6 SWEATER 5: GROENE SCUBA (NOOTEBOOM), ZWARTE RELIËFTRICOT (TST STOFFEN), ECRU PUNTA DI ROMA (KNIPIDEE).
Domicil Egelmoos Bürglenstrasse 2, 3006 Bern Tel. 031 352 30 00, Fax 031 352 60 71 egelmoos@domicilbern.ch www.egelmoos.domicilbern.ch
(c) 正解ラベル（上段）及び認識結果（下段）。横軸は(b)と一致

_ _ _ _

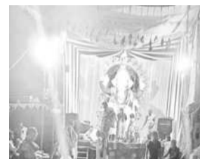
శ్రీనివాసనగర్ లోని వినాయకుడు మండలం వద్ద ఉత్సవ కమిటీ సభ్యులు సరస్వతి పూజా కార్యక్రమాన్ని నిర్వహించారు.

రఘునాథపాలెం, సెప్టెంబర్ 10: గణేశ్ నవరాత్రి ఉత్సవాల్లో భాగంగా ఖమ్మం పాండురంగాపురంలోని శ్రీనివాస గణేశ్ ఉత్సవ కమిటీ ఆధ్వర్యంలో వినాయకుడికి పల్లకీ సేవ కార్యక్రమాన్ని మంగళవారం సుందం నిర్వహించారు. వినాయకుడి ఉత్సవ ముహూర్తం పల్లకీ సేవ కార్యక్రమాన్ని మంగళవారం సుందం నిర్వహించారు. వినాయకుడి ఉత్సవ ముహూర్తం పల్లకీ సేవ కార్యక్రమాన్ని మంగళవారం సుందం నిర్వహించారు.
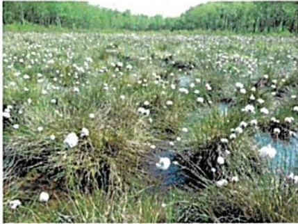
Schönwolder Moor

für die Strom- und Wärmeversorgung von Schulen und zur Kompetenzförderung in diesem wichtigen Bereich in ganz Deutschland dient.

_ _ _ _

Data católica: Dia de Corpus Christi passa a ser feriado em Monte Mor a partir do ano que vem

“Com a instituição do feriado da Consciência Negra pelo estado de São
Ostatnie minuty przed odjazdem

_ _ _ _

Aim of the exercise - Find the word "feriado" in the records, and report each line that has it.

Written answer -
Data católica: Dia de Corpus Christi passa a ser feriado em Monte Mor a partir do ano que vem
“Com a instituição do feriado da Consciência Negra pelo estado de São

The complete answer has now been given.